[DATA PROVIDED Boundary: Start]

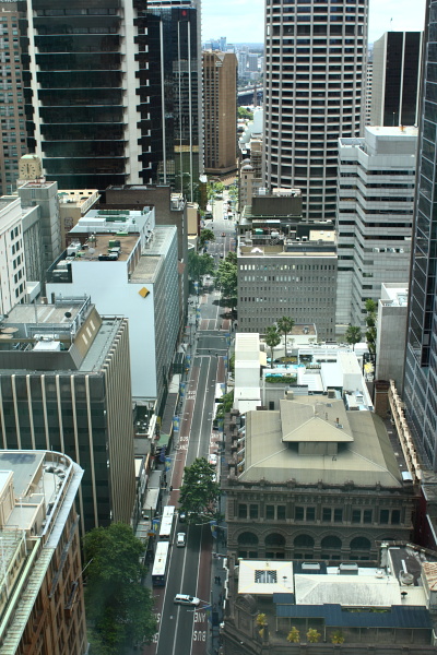 The most prestigious, and architecturally successful, of Sydney’s skyscrapers tend to cluster near Macquarie Street, along the ridge which marks the highest point in the CBD. Since Governor Macquarie built the first government house where the elegant office tower which bears his name now stands, this side of town has been the respectable civic end of downtown Sydney (as opposed to the western side of Circular Quay and the Rocks, where hangings took place in colonial times). This eastern ridgeline is where clean ocean breezes arrive downtown. A recent addition to the area is Deutsche Bank Place (2005), designed by Norman Foster. In Foster’s oeuvre Deutsche Bank Place seems at first glance a minor work. I’ve come to admire its crisp presence in the skyline, but compared to the work of Foster’s fellow Pritzker prize winner Renzo Piano at nearby Aurora Place, the unrelenting darkness of its tinted glass, and the dingy pseudo-public ‘outdoor room’ at its base seemed to indicate a lack of control or attention. Some more exuberant touches, such as the roof garden which would have justified the open ‘goal posts’ on the roof met their demise under the ‘delete’ keys of the value engineers.
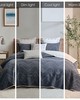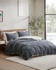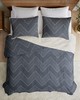 | Ink+ivy Full/Queen 1 Quilt: 88"W x 92"L 2 Standard Shams: 20"W x 26"L + 0.5"D (2) Quilt/Sham: Cotton percale, 90% cotton, 10% other fiber filling, sham with 0.5" piping all around and overlap openning at back. Quilt with embroidered chevron pattern. With anti-microbial treatment. Casual Style Includes 3 Piece(s) MACHINE WASH COLD, GENTLE CYCLE, AND SEPARATELY. DO NOT BLEACH. TUMBLE DRY LOW, REMOVE PROMPTLY, DO NOT IRON. IF THERE IS NO FREE MOVEMENT IN THE WASHER OR DRYER, USE LARGE CAPACITY COMMERCIAL WASHER/DRYER. The INK+IVY Pomona 3 Piece Quilt Mini Set offers a modern casual update to your bedroom. This navy cotton quilt features an embroidered chevron pattern in a neutral taupe with a solid taupe on the reverse, for an elevated cozy look. The 2 matching shams repeat the design of the quilt to complete the bedding set. This quilted cotton quilt set uses an antimicrobial treatment that provides built-in freshness protection, reducing the growth of odor causing bacteria to keep fabric lasting longer. Euro shams and pillows sold separately. |
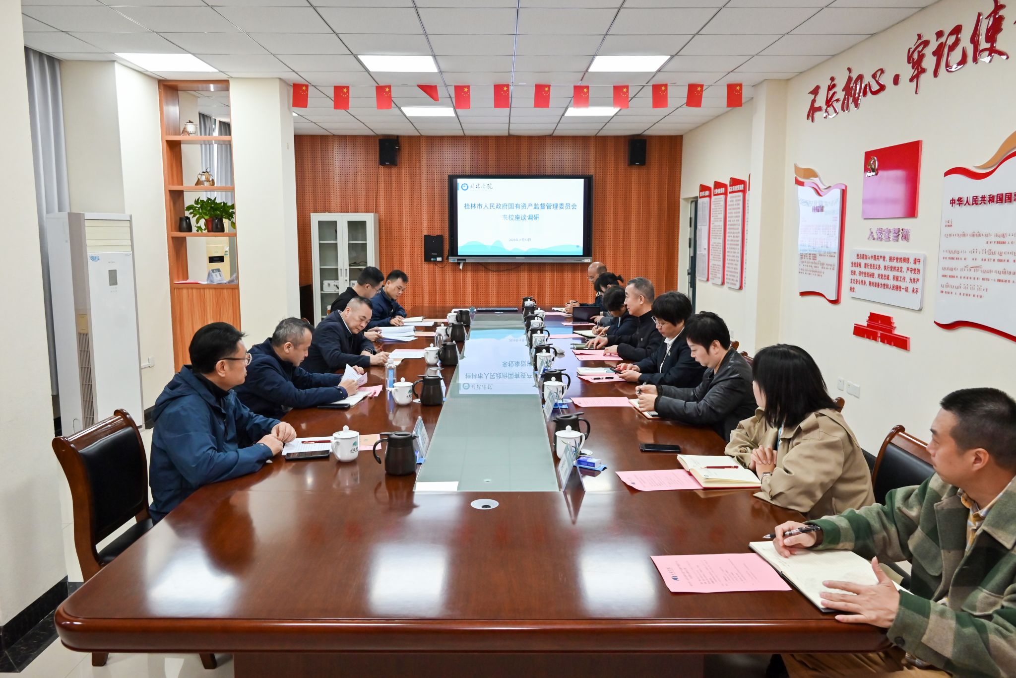 调研结束后,由赵家维主持召开座谈会。市国资委党委委员、副主任闪辉,桂林城建集团总裁肖笛波、党委副书记诸葛长,学校校长吴郭泉及其他在家校领导、财务总监、校园二期项目部总负责人参加座谈。
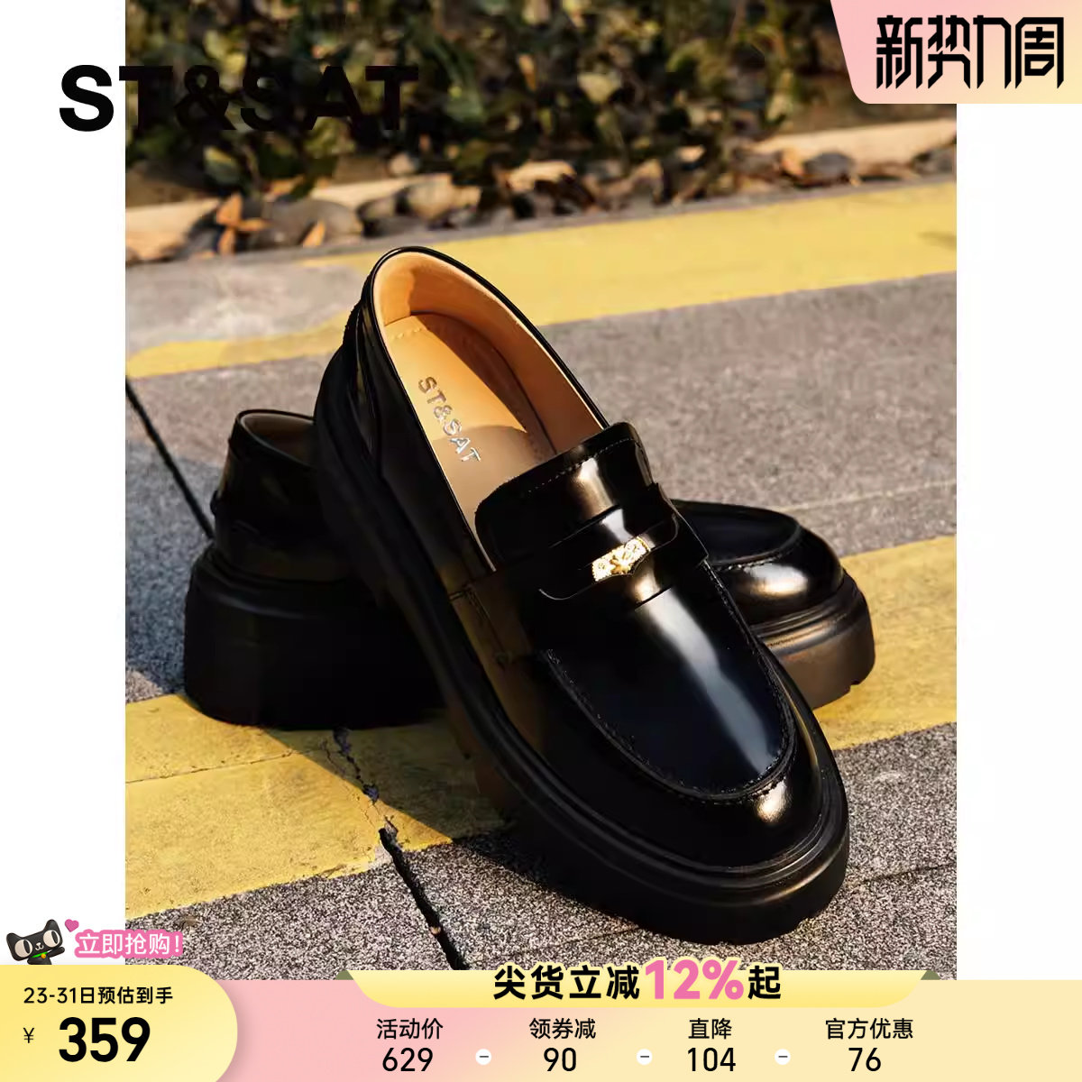 【头层牛皮】星期六真皮厚底乐福鞋女英伦风小皮鞋一脚蹬复古单鞋
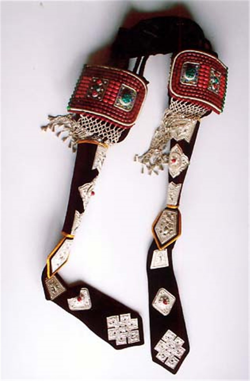 特别是鄂尔多斯妇女的头饰有着古老的人类文明发展史,掀开了鄂尔多斯蒙古族文化发展史上新的一页。鄂尔多斯蒙古族妇女的头饰主要以“连垂”和“发套”两大部分组成。连垂,蒙古语称“西布格”,是用布和棉絮制成的两个扁圆形物和其下伸出的两截约五寸长的木棒,系戴在已婚妇女脸庞两侧梳留的发辫上。传说这是成吉思汗时期的遗留物。当初,蒙古各部落之间经常争战不息,战胜者在被俘虏的妇女们的头发上系很长的木棒,以防止她们逃遁,久而久之,头发上系木棒便成已婚妇女的礼俗、所不同的是长木棒逐渐变成小巧玲珑约五寸长的小木棒。后来,妇女们又在小木棒上制作了精致的圆锥形外套,上面还绣有各种美丽的花纹图案,缀上金、银制作的工艺品,使其成为精美而绝妙的头饰。在小木棒上部的扁圆形物的外面,又加做了蒙古语称“敖日雅德格”的布垫,其上缀满珊瑚、金银制品。

[DATA PROVIDED Boundary: End]

= WORK TO COMPLETE =
The data above, line by line: transcribe it exactly and drop the pictures.

= SOLUTION TO THIS TASK =
 The most prestigious, and architecturally successful, of Sydney’s skyscrapers tend to cluster near Macquarie Street, along the ridge which marks the highest point in the CBD. Since Governor Macquarie built the first government house where the elegant office tower which bears his name now stands, this side of town has been the respectable civic end of downtown Sydney (as opposed to the western side of Circular Quay and the Rocks, where hangings took place in colonial times). This eastern ridgeline is where clean ocean breezes arrive downtown. A recent addition to the area is Deutsche Bank Place (2005), designed by Norman Foster. In Foster’s oeuvre Deutsche Bank Place seems at first glance a minor work. I’ve come to admire its crisp presence in the skyline, but compared to the work of Foster’s fellow Pritzker prize winner Renzo Piano at nearby Aurora Place, the unrelenting darkness of its tinted glass, and the dingy pseudo-public ‘outdoor room’ at its base seemed to indicate a lack of control or attention. Some more exuberant touches, such as the roof garden which would have justified the open ‘goal posts’ on the roof met their demise under the ‘delete’ keys of the value engineers.
 | Ink+ivy Full/Queen 1 Quilt: 88"W x 92"L 2 Standard Shams: 20"W x 26"L + 0.5"D (2) Quilt/Sham: Cotton percale, 90% cotton, 10% other fiber filling, sham with 0.5" piping all around and overlap openning at back. Quilt with embroidered chevron pattern. With anti-microbial treatment. Casual Style Includes 3 Piece(s) MACHINE WASH COLD, GENTLE CYCLE, AND SEPARATELY. DO NOT BLEACH. TUMBLE DRY LOW, REMOVE PROMPTLY, DO NOT IRON. IF THERE IS NO FREE MOVEMENT IN THE WASHER OR DRYER, USE LARGE CAPACITY COMMERCIAL WASHER/DRYER. The INK+IVY Pomona 3 Piece Quilt Mini Set offers a modern casual update to your bedroom. This navy cotton quilt features an embroidered chevron pattern in a neutral taupe with a solid taupe on the reverse, for an elevated cozy look. The 2 matching shams repeat the design of the quilt to complete the bedding set. This quilted cotton quilt set uses an antimicrobial treatment that provides built-in freshness protection, reducing the growth of odor causing bacteria to keep fabric lasting longer. Euro shams and pillows sold separately. |
 调研结束后,由赵家维主持召开座谈会。市国资委党委委员、副主任闪辉,桂林城建集团总裁肖笛波、党委副书记诸葛长,学校校长吴郭泉及其他在家校领导、财务总监、校园二期项目部总负责人参加座谈。
 【头层牛皮】星期六真皮厚底乐福鞋女英伦风小皮鞋一脚蹬复古单鞋
 特别是鄂尔多斯妇女的头饰有着古老的人类文明发展史,掀开了鄂尔多斯蒙古族文化发展史上新的一页。鄂尔多斯蒙古族妇女的头饰主要以“连垂”和“发套”两大部分组成。连垂,蒙古语称“西布格”,是用布和棉絮制成的两个扁圆形物和其下伸出的两截约五寸长的木棒,系戴在已婚妇女脸庞两侧梳留的发辫上。传说这是成吉思汗时期的遗留物。当初,蒙古各部落之间经常争战不息,战胜者在被俘虏的妇女们的头发上系很长的木棒,以防止她们逃遁,久而久之,头发上系木棒便成已婚妇女的礼俗、所不同的是长木棒逐渐变成小巧玲珑约五寸长的小木棒。后来,妇女们又在小木棒上制作了精致的圆锥形外套,上面还绣有各种美丽的花纹图案,缀上金、银制作的工艺品,使其成为精美而绝妙的头饰。在小木棒上部的扁圆形物的外面,又加做了蒙古语称“敖日雅德格”的布垫,其上缀满珊瑚、金银制品。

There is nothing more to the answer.